The effect of some reductones such as ascorbic acid (AsA), triose reductone (TR), epinephrine (Ep) and their derivatives on cyclic 3', 5'-adenosine monophosphate phosphodiesterase (cAMP PDE) was studied in the presence or absence of Cu2+. AsA, TR, Ep and the reductones related to them inhibited cAMP PDE activity. Among the reductones, TR showed the highest inhibition. AsA, 5-methyl-3,4-dihydroxytetrone, pyrocatechol, p-hydroxyquinone and resorcinol had a relatively high inhibiting activity. The type of inhibition of AsA, TR and Ep was uncompetitive, competitive and noncompetitive, respectively. Cu2+ enhanced the inhibitory action of the reductones markedly and altered the type of inhibition of the reductones.

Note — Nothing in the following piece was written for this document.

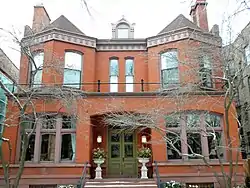The Ann Halsted House is a house located at 440 W. Belden Street in the Lincoln Park community area of Chicago, Illinois. Designed in 1883 and built by 1884, the house is the oldest surviving residence designed by Dankmar Adler and Louis Sullivan. The brick house is designed in the Queen Anne style, which can be seen in its pointed bay windows and the detailed brickwork on the cornices and chimneys on the sides of the house; however, the front of the home reflects a French influence. Sullivan's influence on the home's exterior can mainly be seen in the dormers at the front and back and in the pediments on the sides. The fireplace and railings inside the house are also Queen Anne style, though they too reflect early traces of Sullivan's characteristic design.[2]

在有或没有Cu2+存在的情况下,研究了一些还原酮如抗坏血酸(AsA)、丙糖还原酮(TR)、肾上腺素(Ep)及其衍生物对环3',5'-腺苷单磷酸磷酸二酯酶(cAMP PDE)的影响。AsA、TR、Ep及其相关还原酮抑制cAMP PDE活性。在这些还原酮中,TR的抑制作用最强。AsA、5-甲基-3,4-二羟基四酮、邻苯二酚、对苯二酚和间苯二酚具有相对较高的抑制活性。AsA、TR和Ep的抑制类型分别为非竞争性、竞争性和非竞争性。Cu2+显著增强了还原酮的抑制作用,并改变了还原酮的抑制类型。